Wayne County the Way it Was - Part 2
- Michelle Wood: SWCD
- April 14, 2010
- 856
Wellington Matz just couldn’t help making the councilmen laugh Monday night. Mr. Shupe was the busy councilman Monday evening, and he was on the floor many times during the evening, taking an active part in the discussions. They were talking about Bloomington well drilling. “Now during the past 36 hours I have been talking to some gas men–” That is as far as Mr. Shupe got with his talk. Mr. Matz looked at him and interposed, “I believe it.” President Craig rapped for order.
HAD A FIGHT
Adolph Rosenberry and his hired hand, Lewis Garver, engaged in a fight at the Rosenberry home just north of Mt. Eaton Sunday. Garver wanted to use his employer’s new buggy to drive to Brewster, but Rosenberry wanted Garver to take the old buggy. High words followed, and then each one of the men struck the other once. Garver, it is said, has a memento of the fight in the shape of a right cheek swollen to an abnormal size.
LARWILL WANTS $5000 DAMAGES
John F. Larwill Saturday filed a petition in common pleas court asking for $5,000 damages from Peter F. Shelley. The petition is the result of the auto accident which occurred on West Liberty street some months ago when Mr. Larwill was struck by an auto. He claims to have been injured in the accident, and says Shelley was negligent in the fact that he was driving the machine which struck Larwill. A.D. Metz is his attorney.
CHICKENS GO ON A RAMPAGE
Spring fever has not affected Wooster chickens. While the return of warm weather Saturday may have developed symptoms of general laziness in humanity, chickendom was not affected. In fact Chief of Police Johnson thinks Wooster chickens were more energetic Saturday morning than they have ever been before.
The trouble all came about because these chickens exercised themselves by scratching in neighbors gardens. One woman reported that after she had spent a dollar and a half to have her posey beds fixed up a neighbor’s chicken had distributed the bulbs miscellaneously over the lot. Another reported that her onion and lettuce beds had been simply ruined and that she wanted that neighbor to keep his chickens penned up. And so it went.

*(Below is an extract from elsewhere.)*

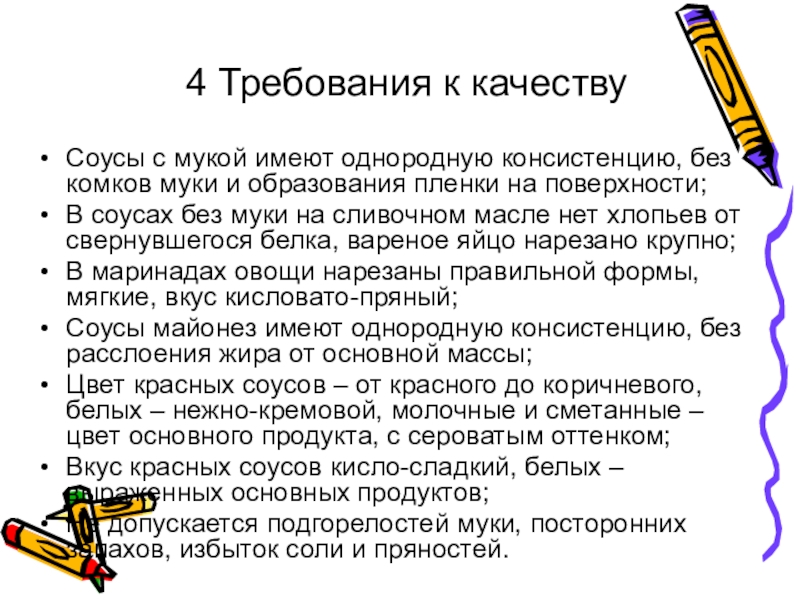 Не допускается подгорелостей муки, посторонних запахов, избыток соли и пряностей.
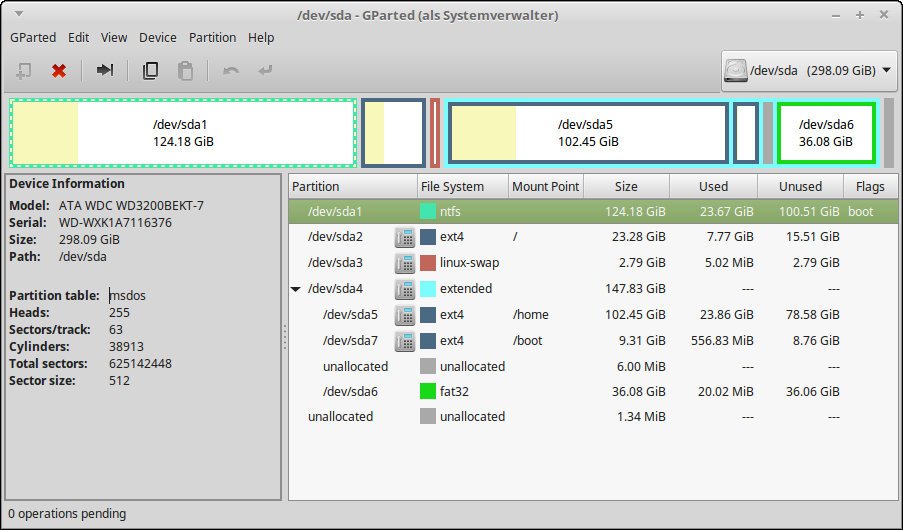 Ein Screenshot von Gparted:

Chief Johnson was busy hunting up the owners of chickens and instructing them that a city ordinance compelled them to keep their chickens on their own premises. He was first in one part of town and then in the other. Many like instances, it is supposed, remained unreported to the police, but enough complaints were made to thoroughly convince Chief Johnson that chickens had gone on a rampage.
BUSTER BROWN HERE SATURDAY
Buster Brown and Tige will be in Wooster next Saturday afternoon and will give an entertainment in the west window of the Freedlander store that cannot fail to amuse a large number of children. Buster and Tige are sent out by the Buster Brown Hosiery Co., and they do some stunts that make even the older people watch them with interest. The entertainment is a novel one, and is especially for children. It will be free too. It is very seldom that this big hosiery company consents to have Buster and Tige come to a city as small as Wooster, but as the Freedlander store is one of the really large clothing stores in this part of the country, the company has made an exception, and the management Monday received word that the entertainers would be here Saturday.
SOCIALLY SPEAKING
A very delightful four course dinner was heartily enjoyed by the ladies of Annat’s alterating department Tuesday evening. The hostesses were Miss Flora Stevens and Miss Emma Unger and the affair took place at the home of the former. After a pleasant evening of music and merry conversation, the guests departed for their homes.